The Mt. Everest is starting to look rather miraculous. We only know of one Mt Everest. Only one set of very special conditions, presumably only having happened once in the entire universe, could have led to the exact and particular Mt. Everest we have.
Rumraket on December 3, 2015 at 6:16 pm said:

stcordova: If anything, natural selection selects against more complexity.

No. It selects against higher energetic cost when resources are scarce. When they aren’t, starting from 0 complexity there’s only one way to go: Up.

stcordova: Even Michael Lynch points out complex replicators (aka multicellular animals) don’t compete well against simpler ones.

There’s a world of difference between single and multi-cellular life, and simpler vs more complex but still single-cellular life. And it’s probably even more so if you merely compare self-replicating molecules themselves.

stcordova: That principle is extensible to simple replicators, and the Spiegelmann experiment should be informative that the claim you asserted:

is a little suspect as far as evolving more replicators, and is dubious whether the replication can be self-sustaining since one needs a special environment to make it feasible.

Heat flux across an open pore enables the continuous replication and selection of oligonucleotides towards increasing length.

I should note that heat flux across an open pore is what you find in an alkaline hydrothermal vent.

stcordova: Finally, I think many underestimate the importance of the cytoplasmic chemistry in the origin of life. We barely understand the significance of glycoprotein complexes and the difficulty of evolving interactome cascades. When Ventner made artificial life, he had to use pre-existing cytoplasmic machinery. Ventner nor anyone on the planet is able to synthesize a cytoplasm from scratch and put it in the right interactome state. I think the problem of a DNA-RNA-protein replicator requires much more machinery in place simultaneously than you think.

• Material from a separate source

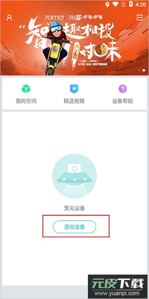 2、登录后进入应用首页,即可添加行车记录设备,建立手机与设备的连接;

I think you’re wrong, because otherwise PCR wouldn’t work with cycling temperatures, primers, template, a polymerase and dNTPs.

stcordova: A mere RNA autocatalytic replicator has to have the capacity to evolve. The Spiegelmann monster highlights the problem that simpler replicators are favored in the short term over more complex ones.

See the above reference.
Rumraket on December 3, 2015 at 6:25 pm said:

Frankie:
Rumraket,
Then you don’t have a point. You lose.

That is only an opinion.

If you say so. I guess with you responding like this there’s not much use continuing discussing this with you. You could make a claim and I could respond in the same juvenile and defiant way for the heck of it. “You lose” and “That’s just an opinion”. Then you could quote a reference and then I could just repeat myself “That’s just the authors opinion”. Great, what a silly way to argue.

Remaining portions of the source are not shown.